13話
「・・・あっちで剣の稽古でもしていたのか?」
「そ、それはー(な、何で、コイツがここに居るんだよ!?今書斎で仕事してるんじゃなかったか!?)」
ゼオンは、棒のように固まったままフィリベルトを見ているのでインメルトラウトしかこの状況を打破できる人間は居ない
「奥様。」
今日は、コリーがインメルトラウトの世話をしてくれる日だった。
コリーは比較的扱いやすいのだ
「コリー、私の国から届いた国産のフルーツを使ったパウンドケーキが届いたから貴女もどう?」
パウリーネからパウンドケーキが届いたのだ
長持ちするのでたまに送って来てくれるのだ
「そ、そんな奥様のを恐れ多いです。」
コリーはこの公爵家でも新人の方だ。実家は祖父の代で2代目の騎士爵になるが子だくさんでコリーは少しでも生活の足しにと思い公爵家のメイドになったのだ
「いいのよ。私1人で食べきれないわ。」
インメルトラウトは、王女ながら気さくな性格だ
工芸品でも有名なテッキトハウザー王国の姫なので手先も器用だ
「い、いいんですか?」
「ええ。」
パウンドケーキを載せた皿を出す
「お、奥様、それは私がしますので!!」
コリーは慌てて言う。
「言いのよ
その代わりにお願いがあるの。」
「な、何でしょうか?」
「少し、1人で庭に行きたいの。」
「そ、それはー「お願いね。」・・・はい」
コリーは絶品のフルーツパウンンドケーキにつられて引き受けるのだった
「ゼオン。

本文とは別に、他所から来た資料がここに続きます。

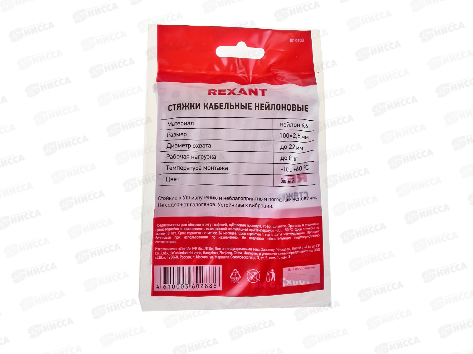 Стяжка кабельная 100*2.5мм 100шт белый нейлон Rexant *10/300

お待たせ」
「い、いえ」
「じゃ、私の素振りの通りにやって見て、ありがとう
摸擬剣だけど無理言って持ってきてもらって」
「い、いえ。」
模擬とはいえ剣を手にするのは
(16年ぶりだな
姫生活じゃ、こんな触れないし)
インメルトラウトとして模擬剣に触るのは16年ぶりだ
「こんな風に」
「はい。」
レフだった時を思い出しながら素振りをする
レフ・ウトキンとしてやる事はひたすら剣の腕を磨くだけだった
それでしか存在意義を示す事が出来なかった
「・・・あっちでも剣の稽古をしていたのか?」
「フ、フィリベルト様!?(なんでコイツがここにー今書斎で仕事じゃ・・・)」
「公爵様!?」
ゼオンはそう言い棒のように固まった
「い、いえ、見よう真似です。」
「その割には、動きは素人ではないな。
まるで、歴戦の者だな。」
フィリベルトの言葉に
「そ、そうですか?フィリベルト様に言われるとは光栄ですわ。
では私はこれで、」
「・・・」
(な、何とか誤魔化せたか?)
安心してその場を去ろうとした時だった
ピュン
グサ!!
「あ、危ねぇな!!当たったらどうしてくれんだよ。」
短剣が飛んで来たのですぐ避けると木に短剣が刺さった。